Ясно, однако, что для неформализованной человеческой речи – различие между глаголом и прилагательным более чем существенно: глагол в отличие от прилагательного изменяется во времени. Многообразие ивритских глаголов создает языковую среду, насыщенную временными изменениями. К сожалению, в осовременненом иврите многие глаголы вышли из употребления, в то время как библейский иврит славен изощренной нюансировкой действий.
Мы пришли к заключению, ставшему уже общим местом в культурологической литературе: еврейские классические тексты в отличие от современных им европейских (греческих или римских) содержат дополнительное измерение, они как бы насажены на ось времени. Убедительно и ярко писал об этом Эрик Ауэрбах в «Мимесисе», ему наследовали многие исследователи, согласившись в том, что еврейская культура – культура времени, в то время как греко-римский мир, тяготевший к образу и пластике, состоялся, как цивилизация пространства.

                               
***
    «Подлинное понятие о причинах, может иметь только тот, кто направляет движение всех вещей, а не мы, которым дано лишь пользоваться вещами по надобностям нашим, не проникая в их происхождение и сущность. … Обычно начинают так: Как это происходит, а следовало бы выяснить: а происходит ли?»
    М. Монтень
Я хочу обратить внимание на одно обстоятельство, по-видимому ранее не обсужденное: иврит, не только обслуживавший но и формировавший культуру времени, оказался удивительно пригоден для передачи и фиксации знания не только внерационального но и нерационализуемого.

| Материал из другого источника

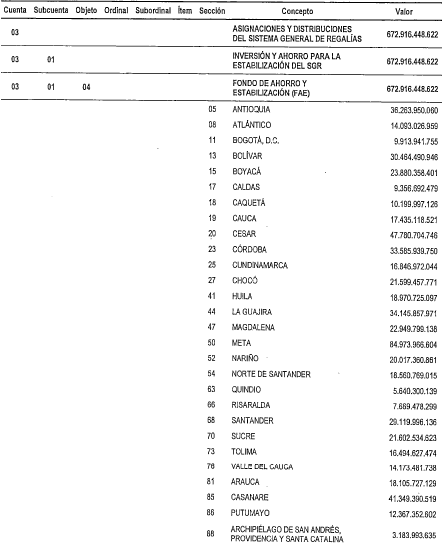 PRESUPUESTO DESTINADO AL AHORRO DEL SISTEMA GENERAL DE REGALÍAS.
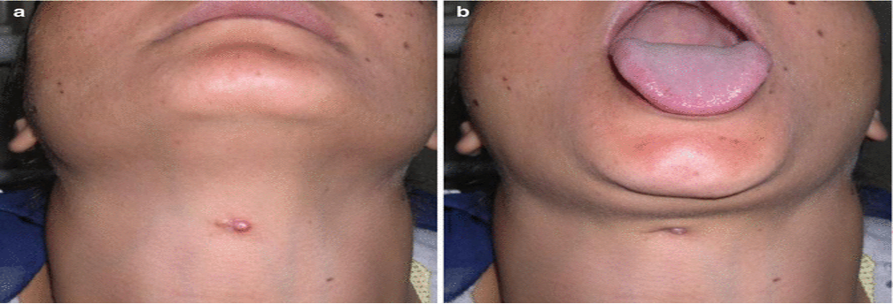 Rare tender, oval swelling, which lies transversely below the hyoid bone.
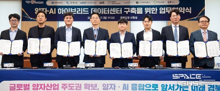 구미시는 4월 27일 경북도청에서 경상북도, ㈜SDT, 구미전자정보기술원, 모빌린트, Anyon Technologies, ㈜마키나락스, ㈜I-ESG, LS증권 등 기술·투자·행정 분야 9개 핵심 기관과 '양자·AI 하이브리드 데이터센터 구축을 위한 업무협약(MOU)'을 체결했다고 밝혔다.
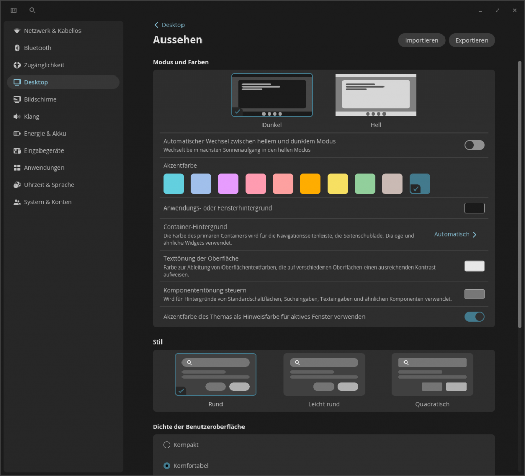 Beim „Stil“ kann ich zwischen mehr oder weniger gerundeten Ecken wechseln. Das zeigt sich an den Fensterecken und vor allem am unteren Dock. Wie dicht gedrängt die Inhalte im Fenster angeordnet sind, beeinflusst „Dichte der Benutzeroberfläche“. Standardeinstellung ist „Komfortabel“, mit „Kompakt“ ist alles etwas dichter gedrängt, mit „Geräumig“ werden die Abstände deutlich größer. Weiter unten lässt sich noch die Schriftart und -größe anpassen.
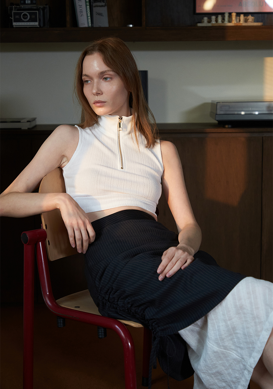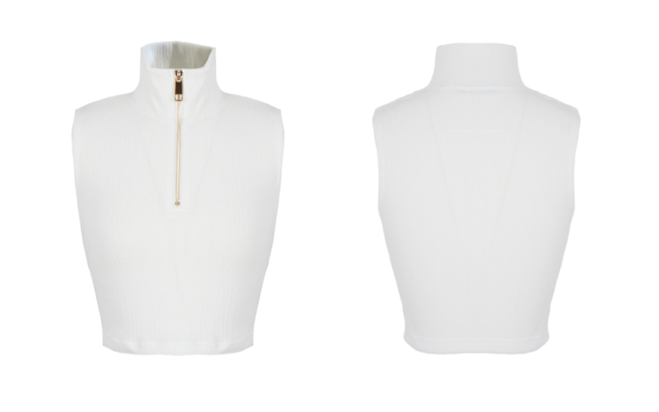 [리퍼브 상품] WHITE CROP KNIT ZIP UP SLEEVELESS

Нам сейчас придется договорится о том, что есть рациональное знание, а это не просто. Я полагаю многие согласятся в том, что знание тем рациональнее,  чем более велик в нем удельный вес математики.
Между «рациональным» и «научным» есть конечно неустранимое различие, но нам придется им пренебречь, чтобы сократить количество переменных в нашем разыскании. Кант и вовсе полагал, что во всяком знании ровно столько науки, сколько в ней математики. Во всяком случае, вес и значение математики в рациональном знании до настоящего времени устойчиво возрастали. Особенность же математического знания состоит в том, что в нем напрочь отсутствует время. Рав Штейнзальц обратил внимание на то, что математика призвана отвечать на вопрос «что?», не передполагающий развертывания во времени, в отличие от вопросов «как?», «почему?» и «зачем?», замкнутые на временные изменения.

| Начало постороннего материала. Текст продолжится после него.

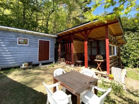 ●コテージ周りは芝生のテラスや薪小屋、BBQもできる東屋(雨天も可)と専用の小さなお庭もあります。
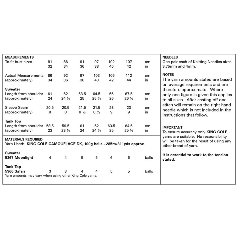 Knitting Pattern 6283 - Sweaters and Tank Top in Camouflage DK
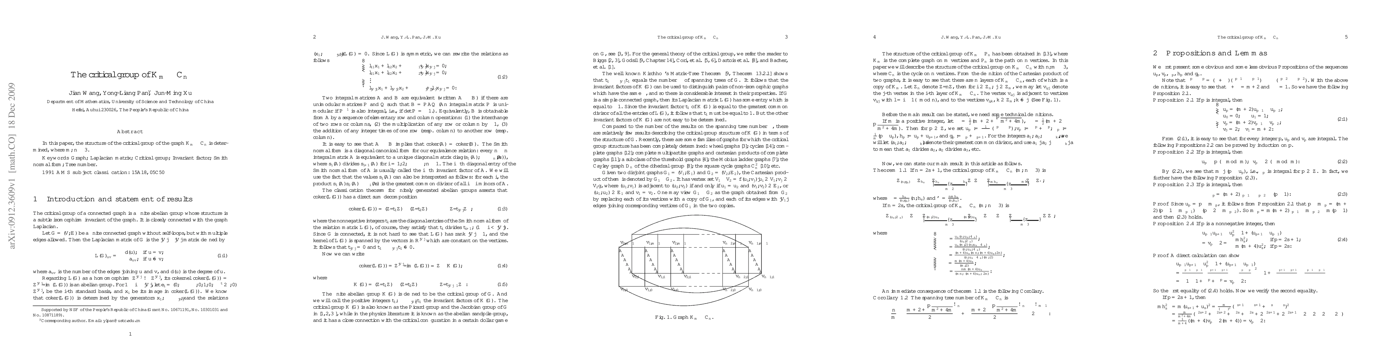 In this paper, the structure of the critical group of the graph $K_m\times C_n$ is determined, where $m, n\ge 3$.
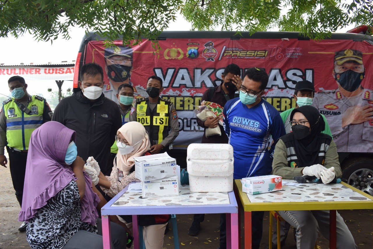 Selain itu, di lokasi Wisata Bahari Tlocor, juga ada mobil gerai vaksinasi keliling Polresta Sidoarjo guna melayani masyarakat yang belum vaksinasi pertama maupun kedua.
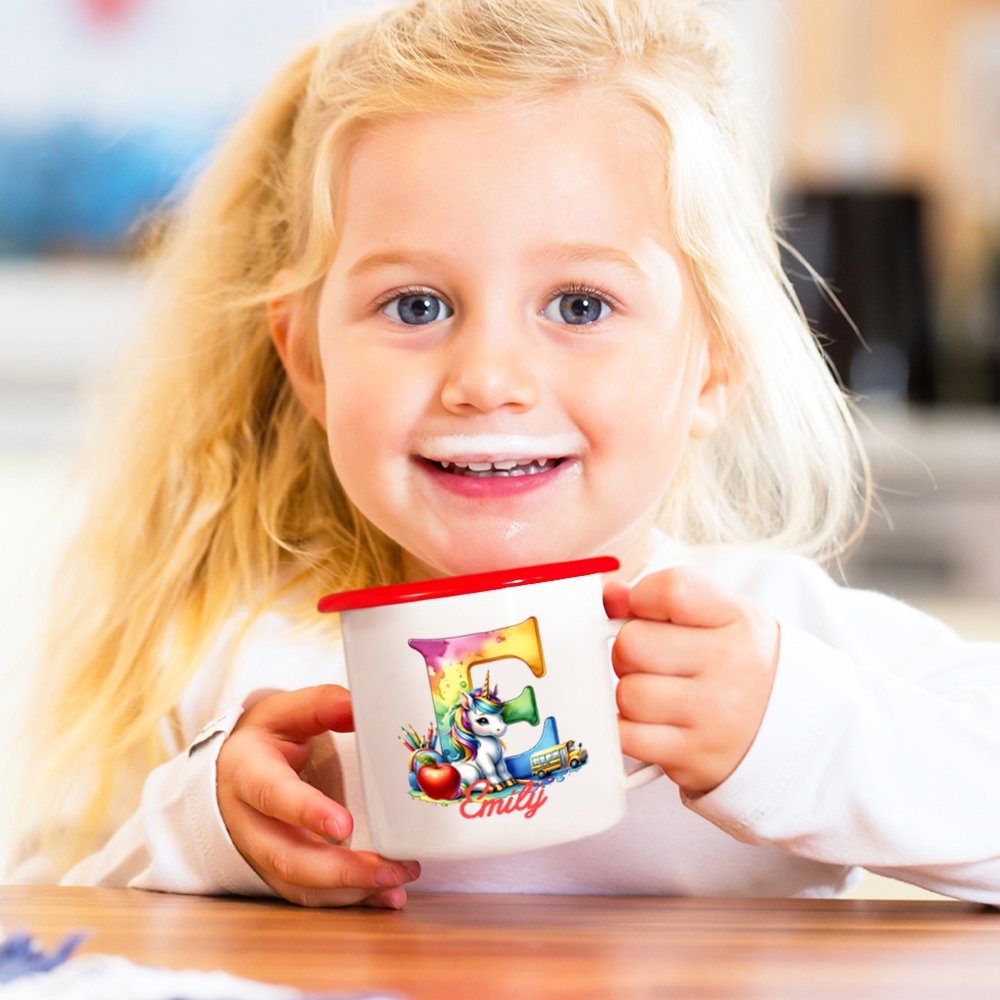 Cette tasse présente un motif de licorne fantastique associé à des lettres dégradées enchanteresses, ajoutant une touche de créativité fantaisiste. Le bord de la tasse est disponible en six couleurs, pour répondre aux différentes préférences. En outre, la tasse peut être personnalisée avec le nom de l'enfant et l'initiale, ce qui en fait un objet unique à utiliser au quotidien.

Громадный прогресс естественных наук, связанный с вовлечением самых изощренных и абстрактных математических методов заставил говорить о «непостижимой эффективности» математики; постепенно возникла уверенность в том, что любая научная проблема может быть взломана соответствующей математической отмычкой. Предполагая, что математические подходы применимы для описания любой реальной ситуации, мы скрытым образом допускаем следующее: любая временная последовательность событий может быть адекватно отображена в логическую последовательность высказываний. При этой процедуре особость, «инаковость» времени исчезает. Французский философ Эмиль Мейерсон полагал, что «наука, стараясь стать «рациональной», стремится все более уничтожить изменение во времени».

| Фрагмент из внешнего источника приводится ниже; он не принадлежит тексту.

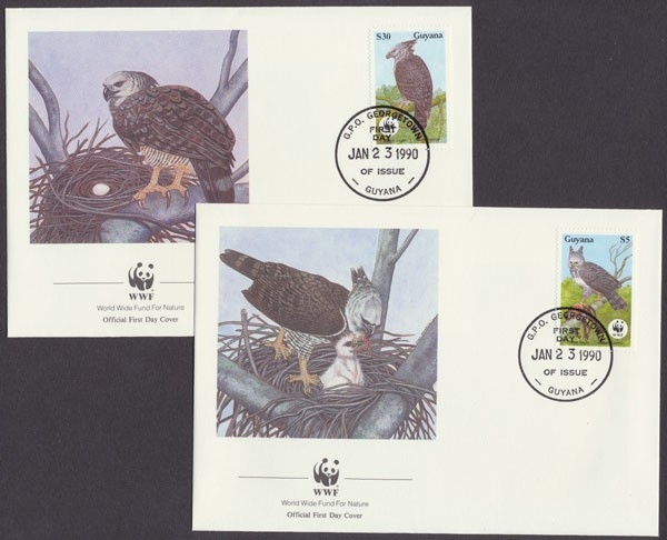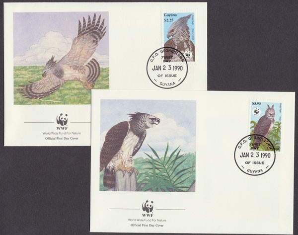 WWF 1990: Harpyie, 4 Ersttagsbriefe.
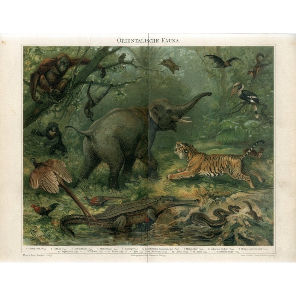 AW 8980 1895 TIGER ELEPHANT BAT CROCODILE ORANGUTAN TOUCAN PHEASANT JUNGLEFOWL Print Artist F.Specht.
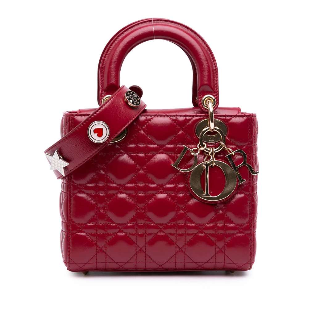 The Lady Dior features a quilted leather body, flat leather handles, a detachable flat leather strap, a fold-in flap closure, and an interior zip pocket.
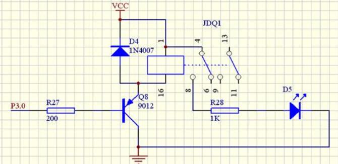 上面这个电路的P3.0就是接的单片机芯片的引脚,我们通过写程序控制这个引脚输出信号就能达到控制继电器的目的。
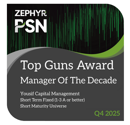 Yousif Capital Management earned the PSN Top Guns 6 Star award in multiple categories, as well as the Manager of the Decade awards for its Short Term Fixed (1-3 A or better) strategy. The Manager of the Decade awards are based on the 10-year period ending December 31, 2024, and December 31, 2025. The PSN Top Guns award list, published by Zephyr, highlights top-performing separately managed account strategies, distilled through rigorous performance-based selection criteria.
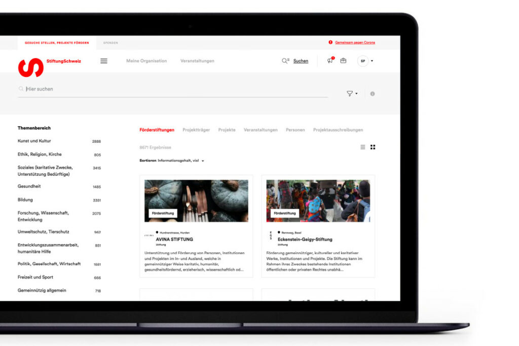 Present your organization and projects on the largest Swiss foundation platform and attract the attention of funding organizations. Search in our extensive foundation directory for suitable funding organizations and quickly find what you are looking for.

  В самом деле, первые серьезные успехи физики, связанные с именем Архимеда, были успехами статики. Из науки систематизирующей и описывающей (а именно такова физика Аристотеля), физика Архимеда становится наукой количественной. «Трактат Архимеда «О равновесии плоскостей» представляет собой выдающийся пример научного изложения, основанного на строгих выводах из вполне очевидных предпосылок. Он представляет собою тот идеал, который столь настойчиво в наши искали Эйнштейн и другие ученые, - состоящий в сведении физики к геометрии, но понятие времени в нем не встречается» (Дж. Уитроу, «Естественная философия времени», М. 2003). 
Статика, разумеется, со времен Архимеда сделала огромные успехи: я помню огромное эстетическое впечатление, которое произвел на меня принцип виртуальных перемещений. Я учился в школе, когда отец показал мне, как взломать самую изощренную механическую систему, заставив ее совершать возможные движения. Но совершенно оглушил меня принцип Даламбера, позволяющий любую задачу динамики свести к статической ситуации, напрочь исключив из рассмотрения особенности временного развертывания событий.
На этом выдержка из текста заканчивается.